Items from a data source:
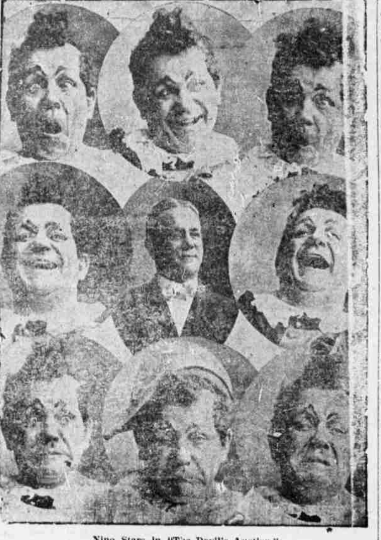
Nine Stars in "The Devil's Auction."
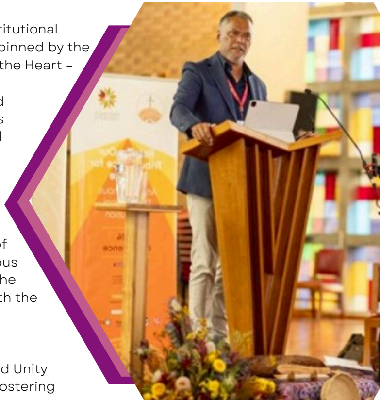
Top right, Prof Stan Grant speaks, 'Tribal Voices Conference' February 2024 Below, anti-clockwise: Entry procession, 'Tribal Voices' opening service; and Faith and Unity members meet in Melbourne, 2024 (both pictures)

This was an enriching experience of reflection and dialogue speaking into the national, regional and international levels of another church for the participants.
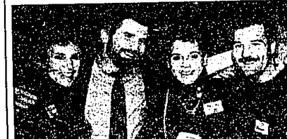
Singles gather: The Meeting Group Party is coming to town March 24 and March 26. For a fee of $15-$18 singles can attend a party hosted by an emcee who helps people get acquainted.
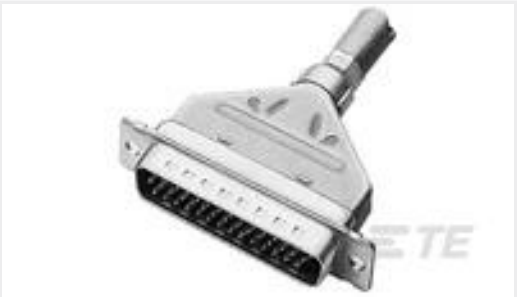
TE Part #1658676-1 HDP-22,OVRMLD,PLUG KIT,SIZE 2,
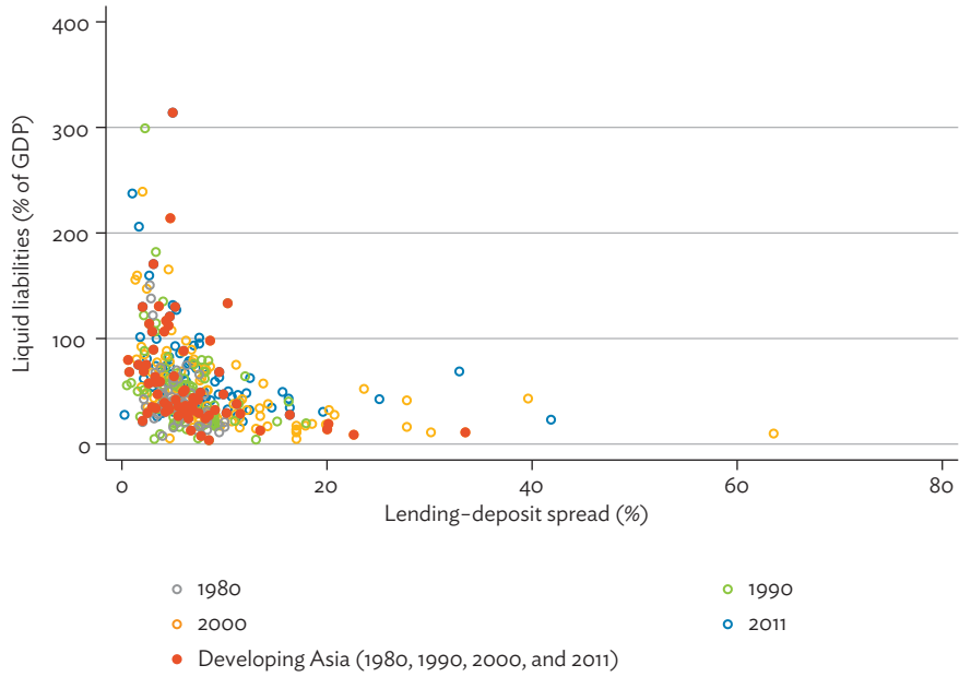
Figure 1: Liquid Liabilities and Lending-Deposit Spread
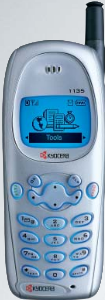
Kyocera 1135 actual size

©2002 Kyocera Wireless Corp., San Diego, California, USA. All rights reserved. Kyocera is a registered trademark of Kyocera Corporation. The Genuine Accessories by Kyocera logo is a trademark of Kyocera Wireless Corp. PureVoice is a trademark of QUALCOMM Incorporated. All other marks are held by their respective owners.
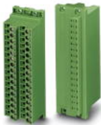
19" socket strip, number of positions: 32, pitch: 0 mm, color: green

Please be informed that the data shown in this PDF Document is generated from our Online Catalog. Please find the complete data in the user's documentation. Our General Terms of Use for Downloads are valid ( http://phoenixcontact.com/download )
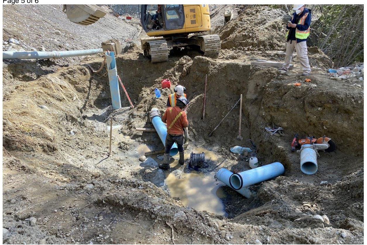
Figure 4 – Water main connection for Sunstone Phase 2
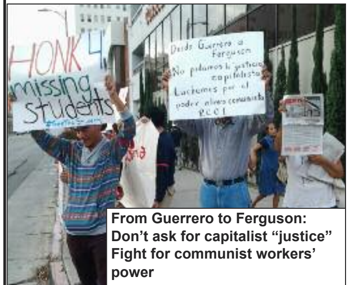
From Guerrero to Ferguson: Don't ask for capitalist "justice" Fight for communist workers' power

Greetings to friends in Guerrero, Mexico. We are a group of high school students in Los Angeles, California. We lament very much the disappearance of our comrades. As we know, this is yet one more of the many incidents committed by the police and governments in all countries. We are part of the International Communist Workers' Party. As its name says, our Party is to support and defend the working class of the world. Our objective is to abolish the capitalist system and put in march a communist system where governments will not exist and neither will bosses who exploit the working class and much less cops that instead of protecting people put fear in us. It will simply be a society in which everyone works according to their abilities and receives according to their needs. We cannot continue to let incidents like this occur anymore. The only solution is to organize ourselves for communist revolution. Friends, you are not alone. Your pain is our pain. Your struggle is our struggle.
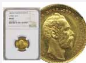
1 dukat 1864
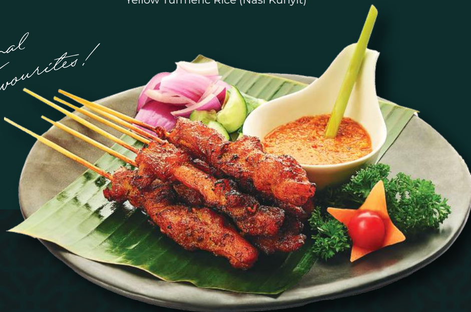
CHARRED GRILLED CHICKEN SATAY WITH PEANUT SAUCE
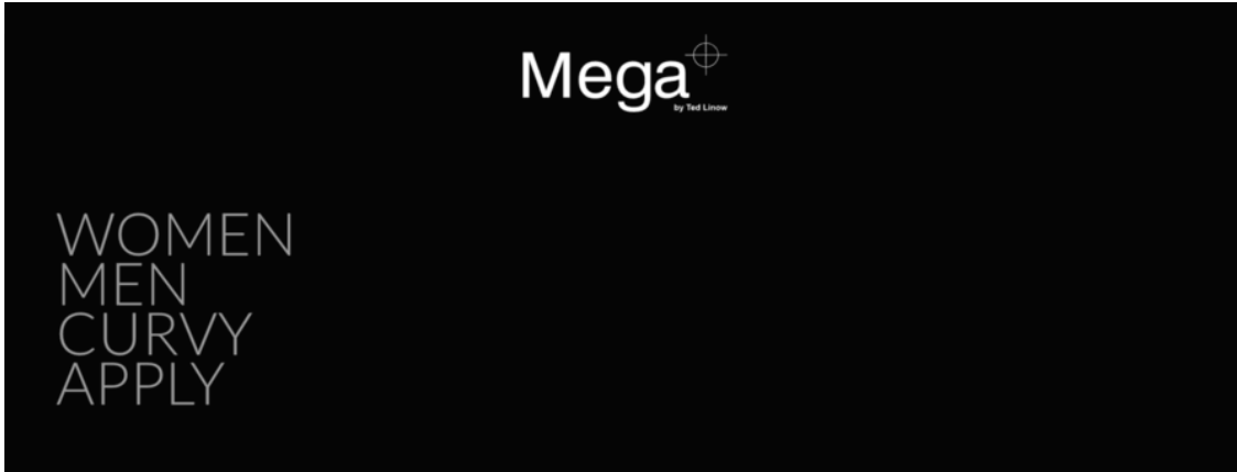
Figure 1. Fake Mega Model Agency website.

While monitoring infrastructure we assess is likely tied to Iranian cyber actors, we discovered the domain megamodelstudio[.]com. This domain was registered on Feb. 18, 2025, and has resolved to 64.72.205[.]32 since March 1, 2025. This domain hosts a website impersonating the Hamburg-based Mega Model Agency , as illustrated in Figure 1.
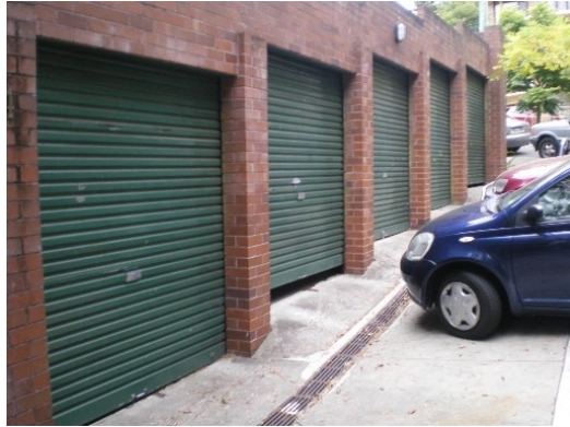
107. 84 Drumalbyn Road Floor below road, Garage below road, Road and footpath graded towards residence
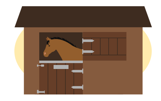
Isolate your horse upon returning home. Closely monitor him, including twice-daily temperature checks.
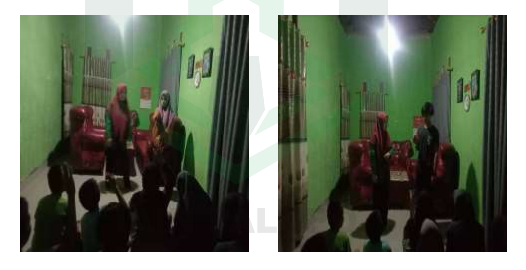
Figure 3, the student was choosing other student to describing the picture in the flashcard.

Figure 2, the student was describing the picture in the flashcard.
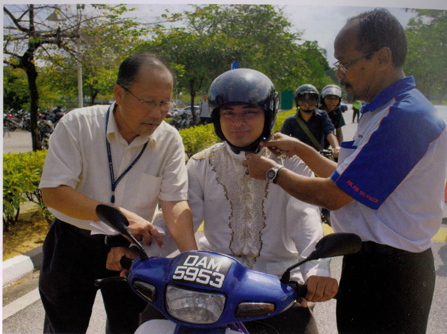
By Roslan Rusly

To create awareness on road safety, the Occupational Safety and Health Unit (OSHU) International Islamic University Malaysia (IIUM) together with the Road Safety Department (RSD) of Selangor conducted a road safety campaign in IIUM Gombak recently.
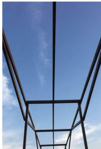
Albert Kaan | Untitled , 2018

Square pipe, wood, el-wire and mesh, 400x2000x84 cm
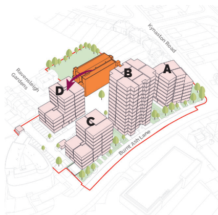
Phase 3: Demolish Burnt Ash Heights and Build Block E. Decant Lavisham.
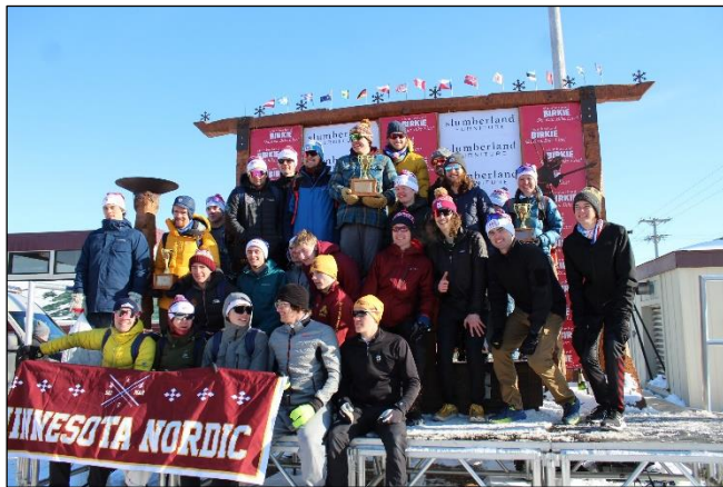
Below: The MCSA’s last appearance on the Main Street Podium, at the 2023 Collegiate Cup Finals.

Indeed, we should rest assured that “anything can”—and will!—happen as the MCSA returns to Rhinelander, Wisconsin for the 2025 Regional Championships. On Saturday, February 15 th , our skiers will compete in the first-ever Collegiate Cup Sprint , followed by a 10k Skate on Sunday, February 16 th . Points scored at Regionals will add to Teams’ cumulative Collegiate Cup totals, and qualify teams for the 2025 USCSA National Championships in Bend, Oregon , irrespective of Collegiate Cup standings.
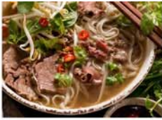
Vietnamese Noodles & Sandwiches
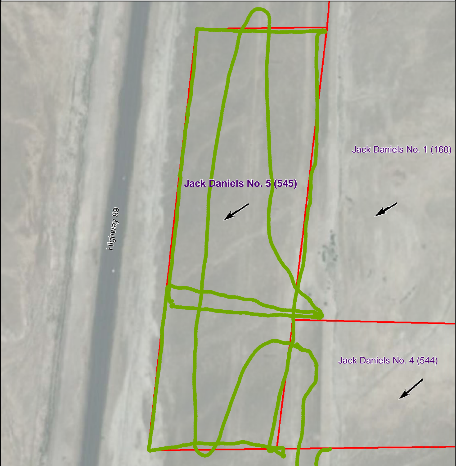
Figure 1 - Gamma Radiation Measurements, Above Two Times Background Jack Daniels No. 5 (545) Coalmine Mesa Chapter, Navajo Nation

[PROBLEM TO WORK ON]:
Both the line above containing "Kyocera 1135 actual size" and the line containing "mm, color: green" belong in the copy, along with every line between them; print these exactly and omit the pictures.

[RESPONSE TO THIS EXERCISE]:
Kyocera 1135 actual size

©2002 Kyocera Wireless Corp., San Diego, California, USA. All rights reserved. Kyocera is a registered trademark of Kyocera Corporation. The Genuine Accessories by Kyocera logo is a trademark of Kyocera Wireless Corp. PureVoice is a trademark of QUALCOMM Incorporated. All other marks are held by their respective owners.
19" socket strip, number of positions: 32, pitch: 0 mm, color: green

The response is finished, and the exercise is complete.